The department's Bureau of European Affairs, which compiled the section on Germany that was last updated in July, said there had been no intent to downplay the Holocaust but could not say exactly how the section would be changed.

The decision was made shortly after the department learned of a letter to Secretary of State Condoleezza Rice from Rabbi Marvin Hier, founder and dean of the Simon Wiesenthal Center, that said the entry was ''offensive'' because it explained neither the magnitude of nor the motives for the mass killings of some six million Jews.

''While the section entitled 'Background Note Germany' does contain a general reference to the crime of genocide and the establishment of concentration camps, there is no mention who the principal victims were or that the real purpose of the camps was to eliminate Europe's Jews as part of Hitler's 'Final Solution of the Jewish Question','' he wrote.

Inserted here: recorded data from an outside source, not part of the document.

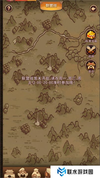 每周一、三、四、五中午12点至晚上8点进行,盟主发起战书,联盟成员参与攻防战。联盟战将获得荣誉和丰富奖励。
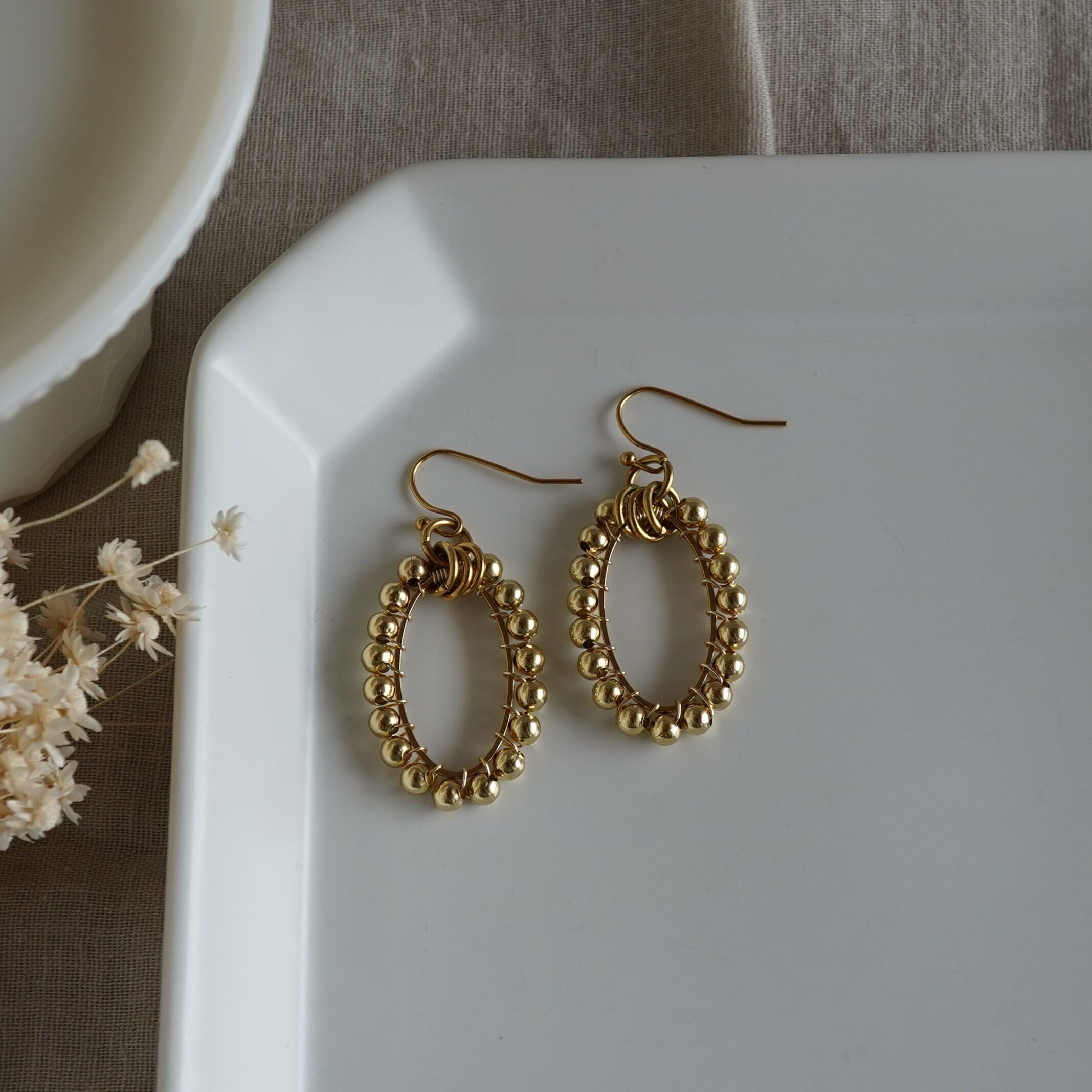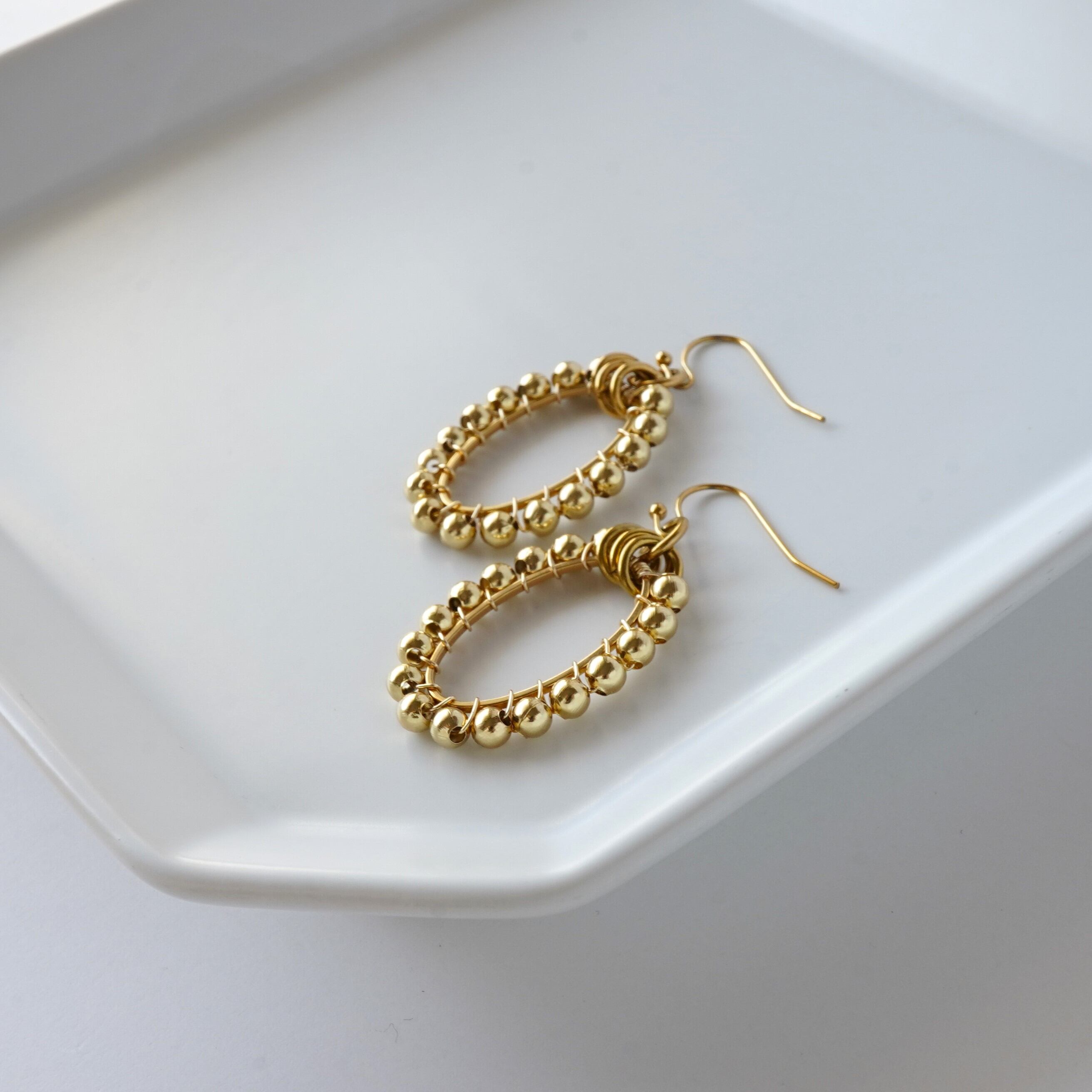メタルボールを一粒ずつ丁寧に巻き付け、華やかさとかっこよさもあるピアスです。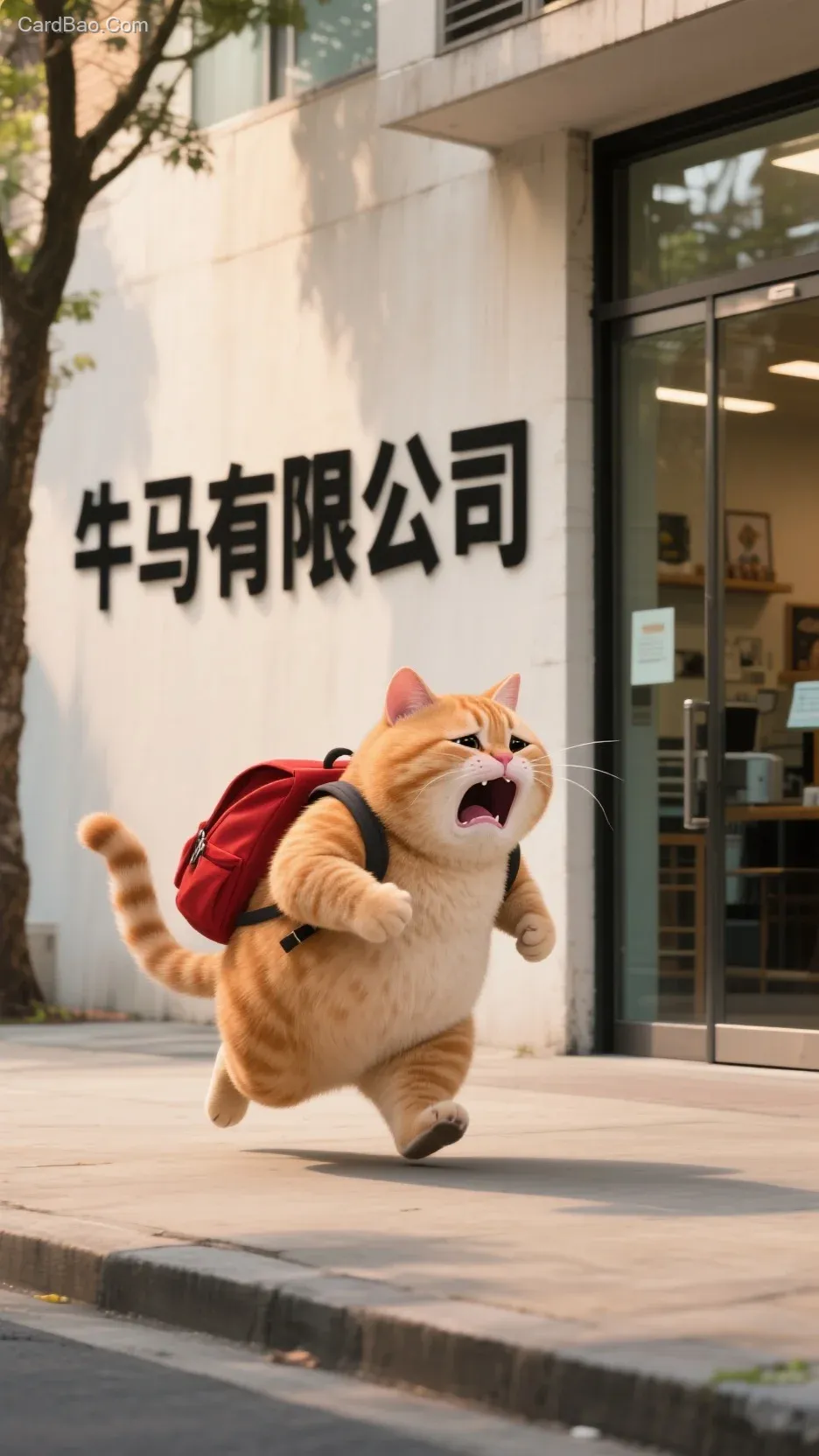 一只拟人化的大胖橘猫背着红色背包,悲伤的边跑边张大嘴巴,它的背后墙面上有 “牛马有限公司” 竖着字样,旁边是玻璃门,背景中可见建筑物与树木,逼真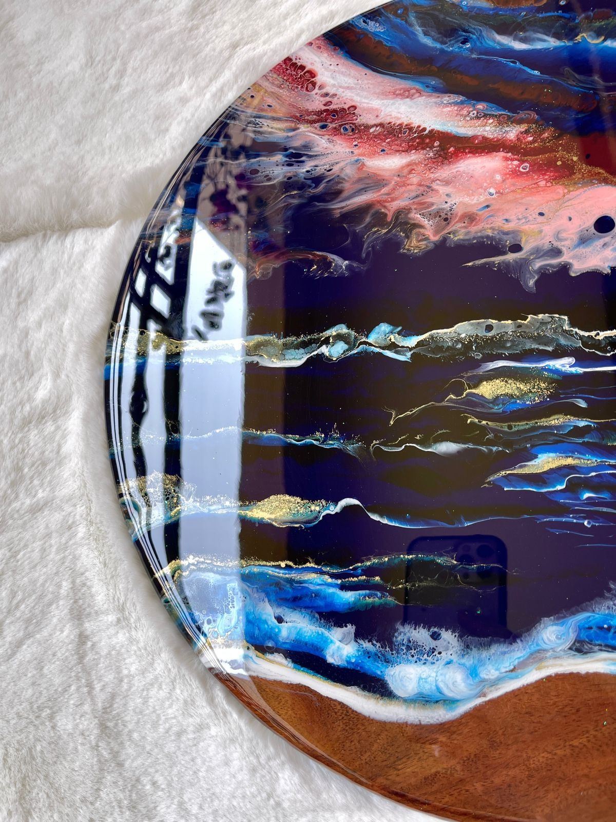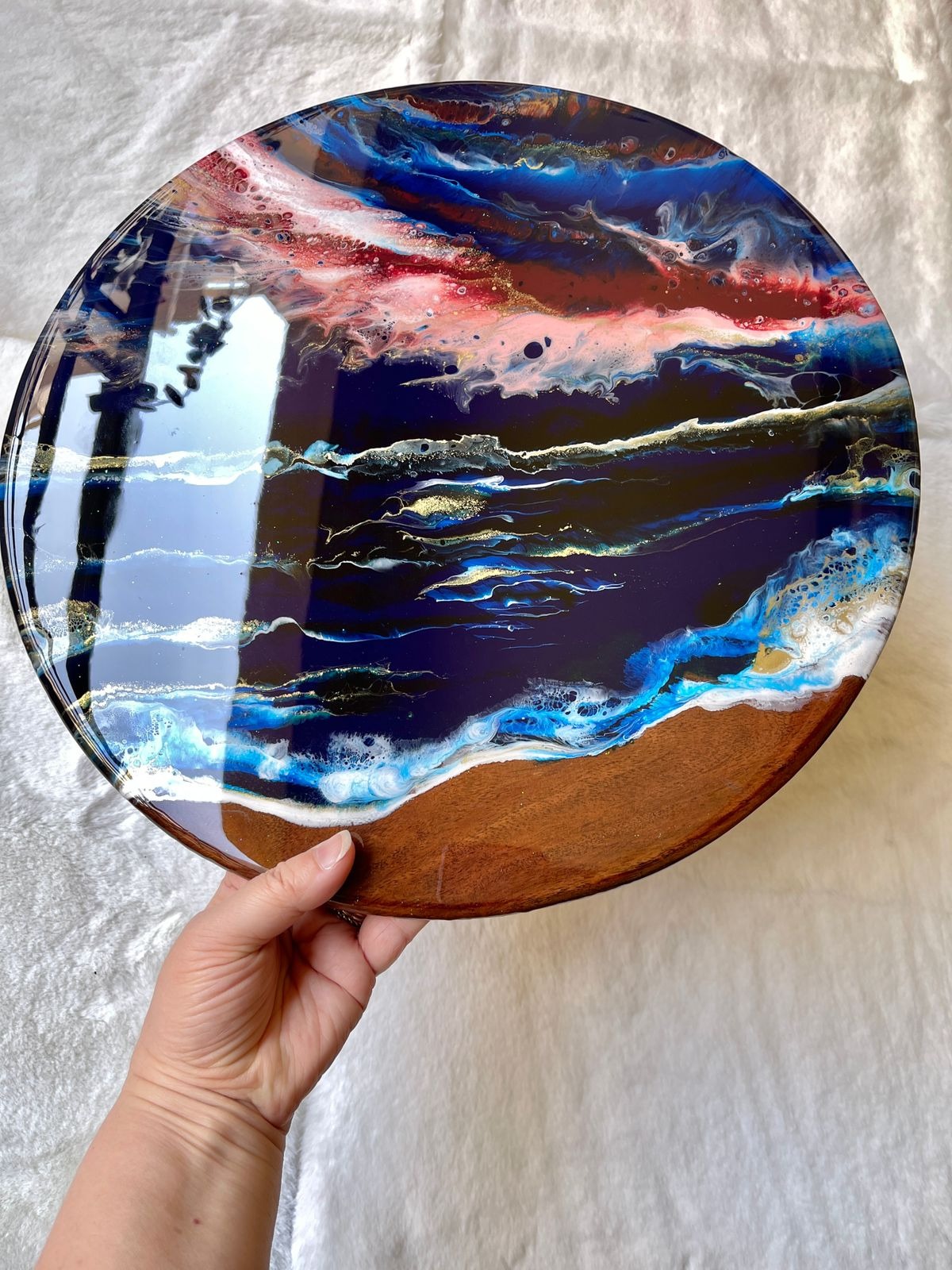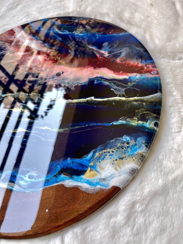 ‘Aurora’ Resin Art on Solid Teak Wood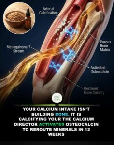Canxi là một khoáng chất “mù quáng”. Không có chất dẫn hướng phân tử, nó trôi nổi vô định trong máu và lắng đọng vào các mô mềm như thành động mạch và khớp, khiến chúng cứng lại. Đây là lúc Vitamin K2 (cụ thể là dạng MK-7) phát huy tác dụng. MK-7 kích hoạt một loại enzyme gọi là γ-glutamyl carboxylase. Enzyme này hoạt động như một công tắc hóa học kích hoạt hoàn toàn osteocalcin – protein chịu trách nhiệm liên kết canxi và gắn kết trực tiếp vào ma trận xương của bạn.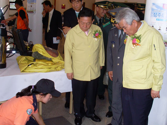 | ▶ 소방장비 설명을 듣고 있는 이정백 상주시장 © 김응군 객원기자 ◀ | | 상주소방서(서장 성상인)는 22일 상주문화회관에서 열린 민방위대 창설 제34주년 기념식에서 각종 재난 현장에서 사용되는 소방장비를 전시하고 설명하는 시간을 가졌다. 김응군 객원기자 fnokeg@gb.go.kr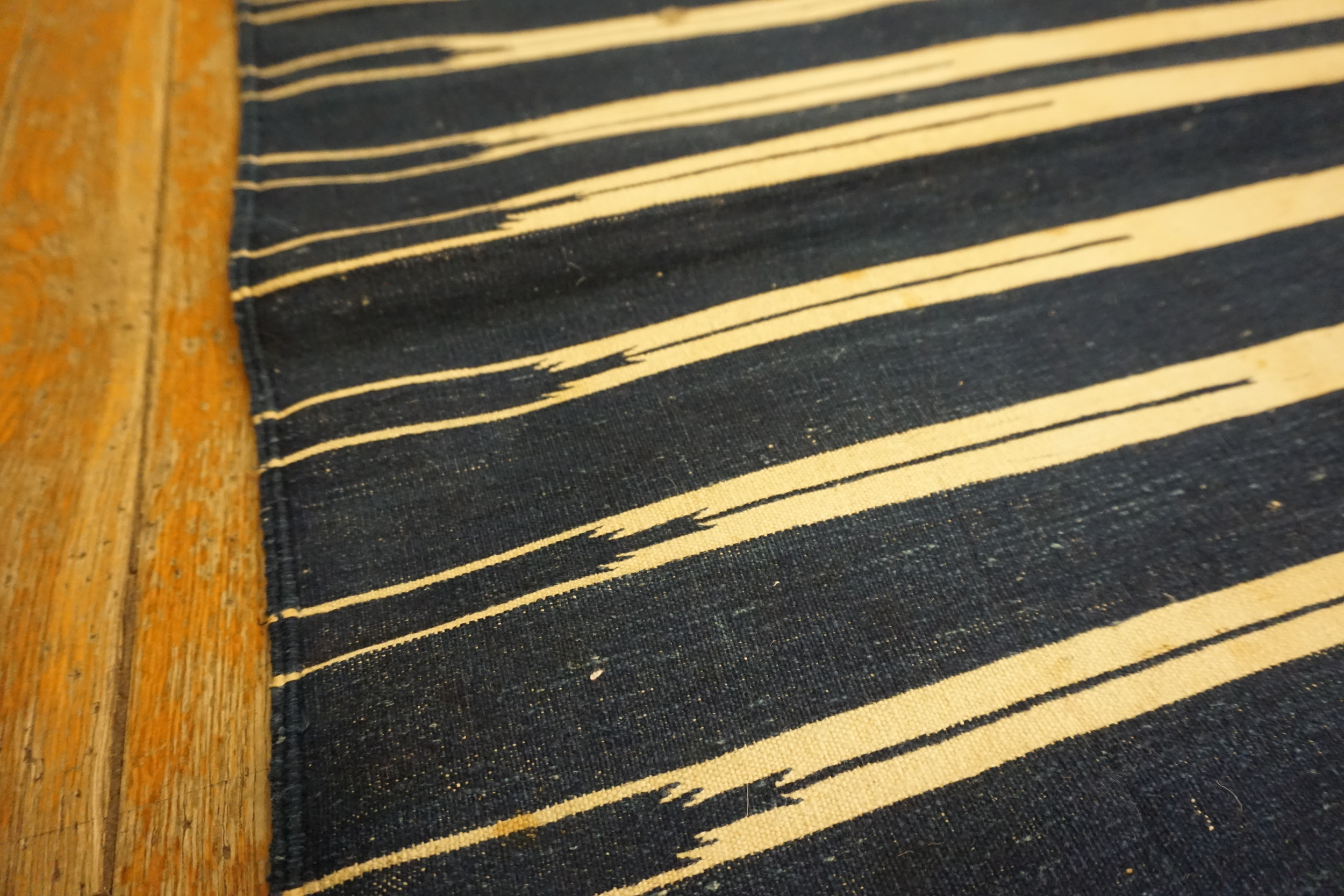 The saturated indigo field provides a rich foundation for the horizontal bands of ivory. The skillful use of this deep blue color rugs creates a dynamic visual rhythm, where the lines occasionally blur or feather at the edges, suggesting a resistance-dyeing influence common in early 20th-century artisanal textiles.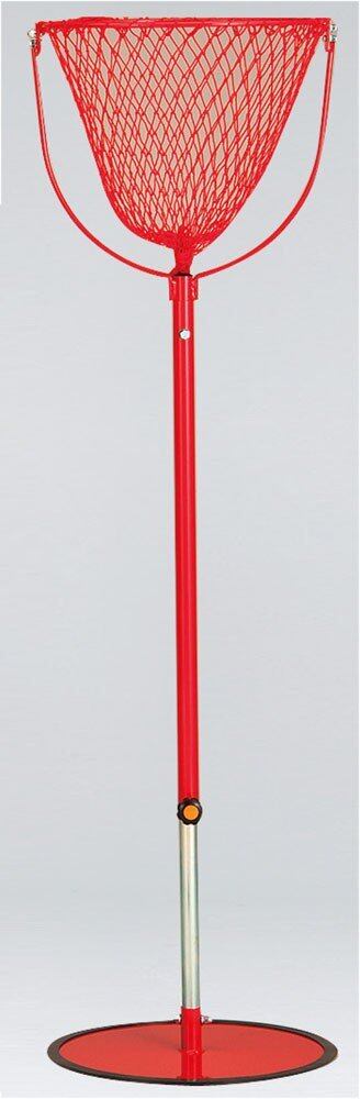 サイズ=ベース直径45cm×高さ110~150cm●自重=3.3kg●「カラーをご指定ください」90=白、100=赤●材質=スチール●ベースゴム枠付●リング直径43cm●ネット付●日本製※支柱を支えてご使用ください。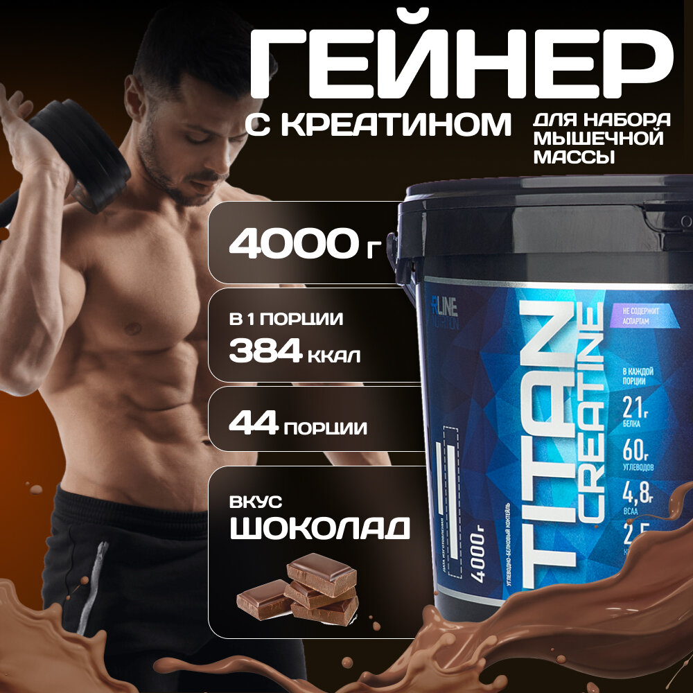Гейнер Titan Creatine 4000 г/ набор массы веса/ Gainer MASS/ высокоуглеводный/ высококалорийный/ белковый/ шоколад/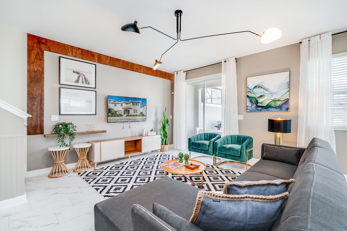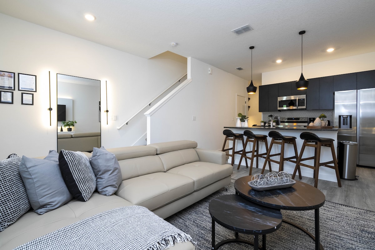 This NEWLY renovated and beautifully decorated home-away-from-home is perfectly located 5 miles from Walt Disney World® Resort. Relax in your private heated plunge pool and make yourself at home in this upscale townhouse. With hardwood floors throughout the entire townhouse and a modern flare, this 3-bedroom, 3-bathroom home that sleeps up to a family of 8 will feel like an oasis.
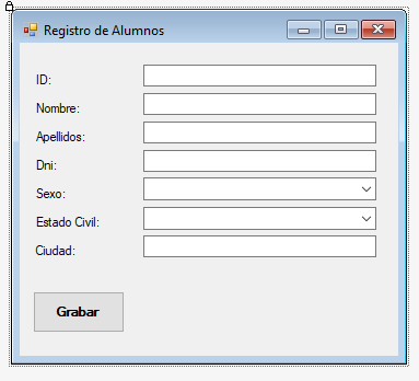 4. Cambie de nombre (propiedades) a los controles: TextBox, ComboBox y Button

''I urge you to correct this distortion and order a redraft of this section on Germany,'' Hier said.

In a passage on Adolf Hitler coming to power in Germany, the entry says: ''The Nazi leadership immediately jailed Jewish opposition and other figures and withdrew their political rights. The Nazis implemented a program of genocide, at first through incarceration and forced labor and then by establishing death camps.'' There is no direct reference to the Nazis targeting Jews for death or the numbers killed.

Hier noted that similar sections on the Web site devoted to genocides in Cambodia, Rwanda, Sudan's western Darfur region and Stalinist Russia all discussed specific numbers and types of victims. In addition, the entry on Poland, where many Nazi concentration camps were located, also mentions the enormity of the killings, he said.

''It seems like they're treading very lightly and don't want to offend Germany,'' Hier said in a telephone interview from his office in Los Angeles, adding that he had learned of the Web site entry during a recent visit to the Yad Vashem Holocaust Memorial in Jerusalem.